Edward Silversmith, a Certified Financial Planner and portfolio manager at Wealth Enhancement Group, notes clients’ reluctance to lower retirement savings rates. Silversmith emphasizes that temporarily adjusting long-term savings to tackle high-interest debt and rebuilding an emergency fund can be a sound strategy. 

With average credit card interest rates exceeding 20%, this strategy can lead to long-term financial gains. Silversmith underscores that the “long run” consists of shorter financial periods. 

Other amenities for workers’ financial security

Additionally, some high-yield savings accounts offer an opportunity to earn over 5% interest on deposited funds. Prioritizing an emergency fund provides financial security and reduces reliance on credit during unexpected financial challenges. 

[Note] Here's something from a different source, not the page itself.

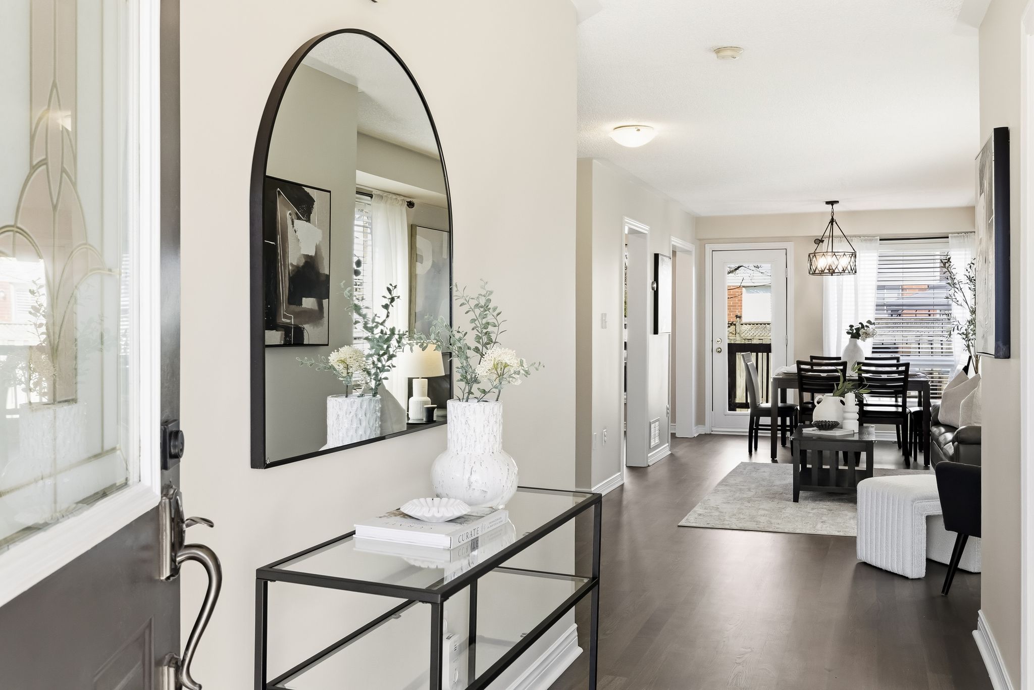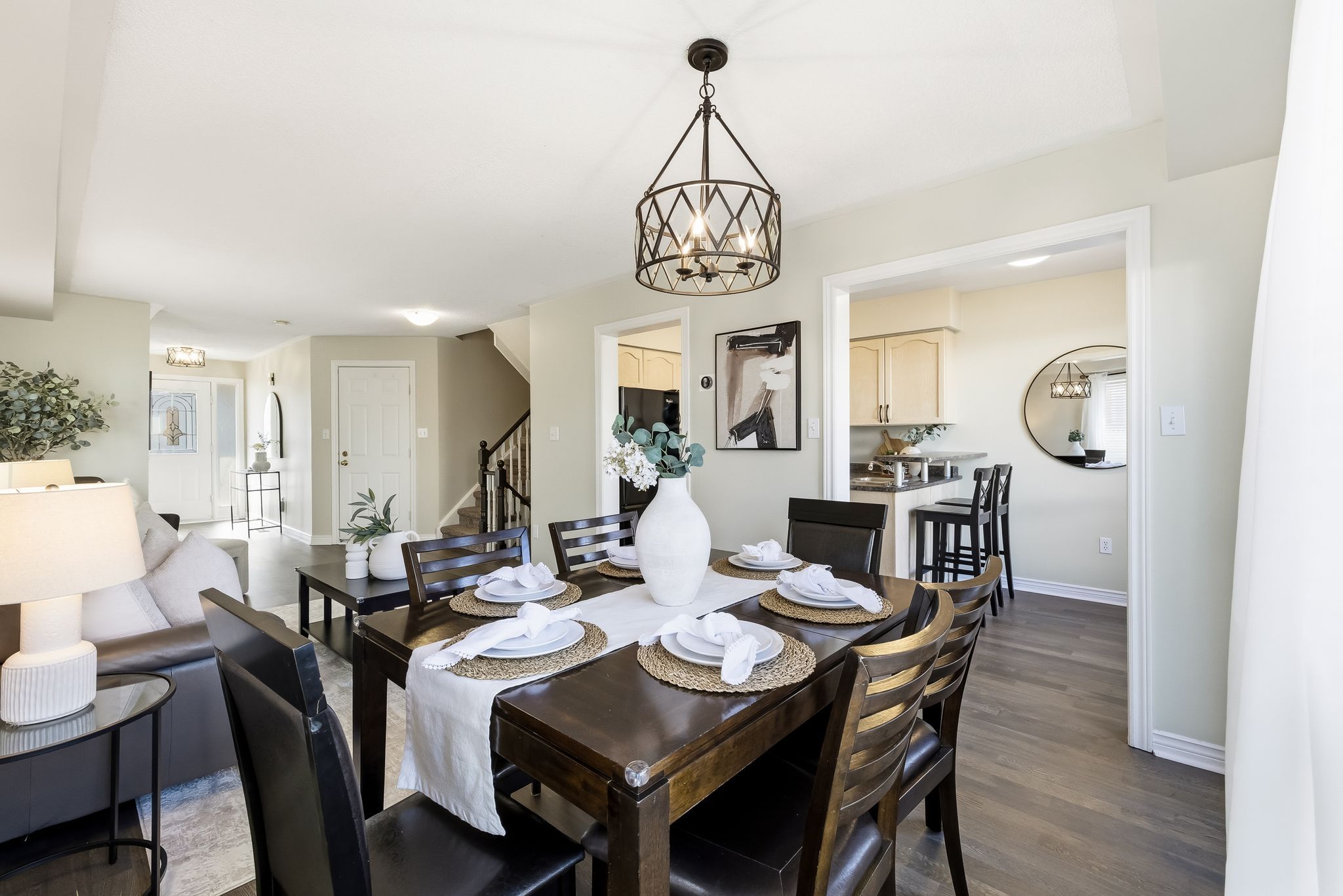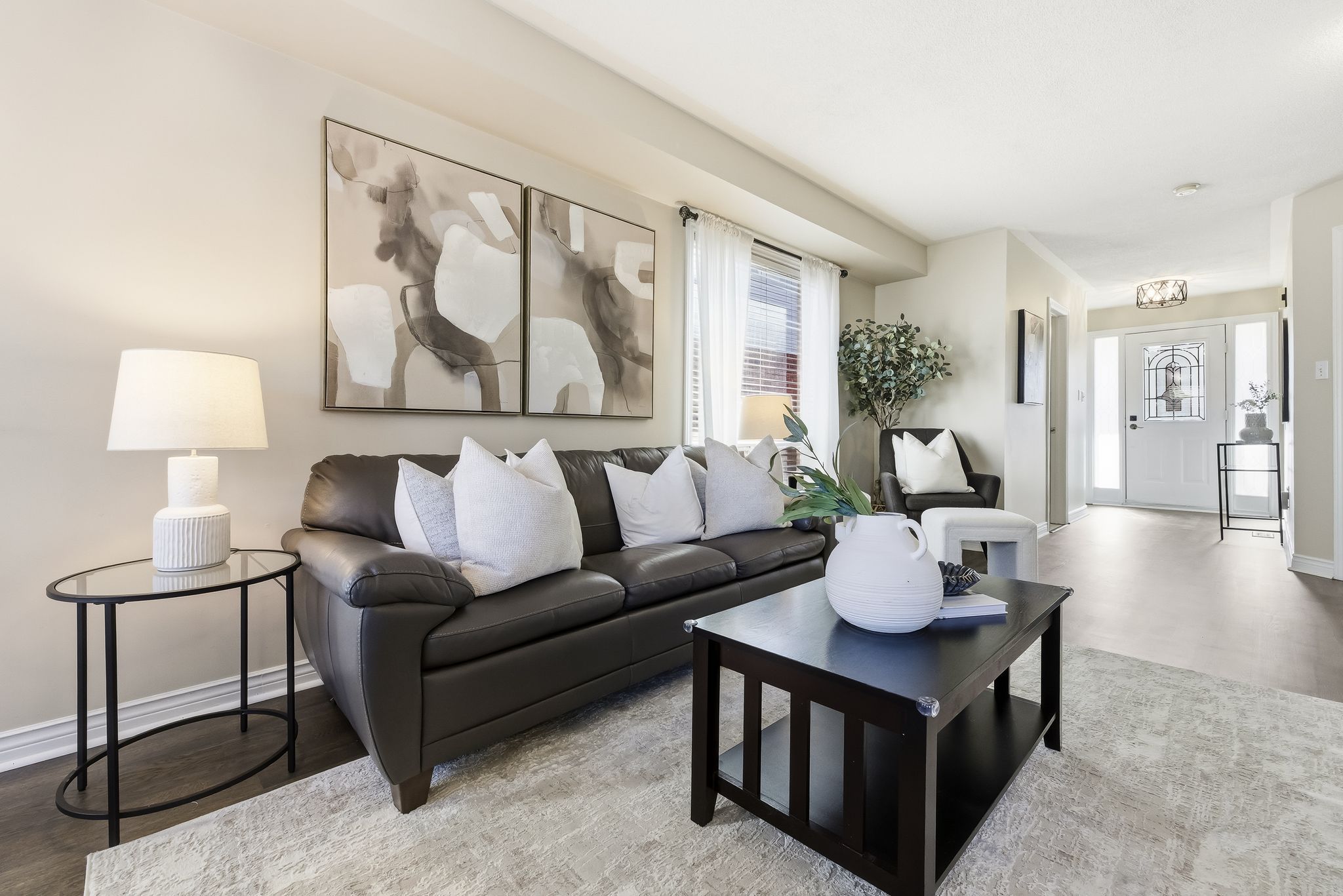 Welcome to brownstone crescent - this beautifully maintained end-unit townhome boasts what others can't. With nearly 1,400 sq ft above grade, a 4th bathroom, home-access to the built-in garage, plus a fully finished basement. Conveniently located on a quiet, family-friendly neighbourhood in courtice. The main floor showcases newly re-finished hardwood floors, plenty of windows, creating a bright and welcoming atmosphere and a rear walk-out to the private backyard. Upon entering the foyer you'll find a closet, a 2-pc bathroom, and the convenience of direct access to the 1-car garage. Enjoy open-concept main floor with large windows offers natural light in the family room and dining rooms, making it ideal for entertaining. The eat-in kitchen features whirlpool and bosch appliances, hardwood flooring, a breakfast bar, and a bay window shining even more natural light into the space. The second storey provides newer carpeted floors in the three generously sized bedrooms, along with two full 4-piece bathrooms. The primary bedroom includes a double-wide closet and private 4-pc ensuite, while the additional 2 bedrooms are perfect for children, guests, or a home office. The professionally finished basement adds valuable living space with a cozy den complete with gas fireplace, a second 2-piece bathroom, and a dedicated laundry/utility area- all ideal for convenience and relaxation, working from home or hosting guests. This home is perfectly positioned close to highly regarded schools, everyday shopping amenities, and excellent commuter access. Enjoy nearby green spaces including glenabbey and stuart parks, with the courtice community complex just minutes away. Commuters will appreciate the quick access to highways 401 and 407, as well as proximity to the oshawa go station. This move-in-ready end unit offers space, comfort, and an unbeatable location for families and professionals alike.

Some financial advisors advocate saving less than the maximum employee contribution limit or even less than required to secure a company match. This approach gains support, especially when addressing high-interest debt and reducing financial strain. 

Individuals can ultimately enhance their overall financial well-being by prioritizing debt reduction and financial security. This approach provides a balanced perspective on managing retirement savings and addressing immediate financial needs.